Extracted records.
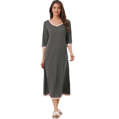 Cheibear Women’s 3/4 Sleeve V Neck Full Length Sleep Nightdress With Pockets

==

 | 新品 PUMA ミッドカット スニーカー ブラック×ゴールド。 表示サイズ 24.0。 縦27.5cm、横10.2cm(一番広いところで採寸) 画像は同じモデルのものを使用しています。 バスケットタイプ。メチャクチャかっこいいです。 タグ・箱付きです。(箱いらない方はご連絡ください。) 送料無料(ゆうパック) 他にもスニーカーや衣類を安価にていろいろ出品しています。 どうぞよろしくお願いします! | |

---

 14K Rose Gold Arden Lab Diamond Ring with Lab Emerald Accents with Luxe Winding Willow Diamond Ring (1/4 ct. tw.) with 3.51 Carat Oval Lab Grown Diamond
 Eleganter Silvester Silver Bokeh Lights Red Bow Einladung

Activity. Restate word for word only the lines above from the line containing "14K Rose Gold" to the line containing "Eleganter Silvester Silver", both of them included.

Exercise response.
 14K Rose Gold Arden Lab Diamond Ring with Lab Emerald Accents with Luxe Winding Willow Diamond Ring (1/4 ct. tw.) with 3.51 Carat Oval Lab Grown Diamond
 Eleganter Silvester Silver Bokeh Lights Red Bow Einladung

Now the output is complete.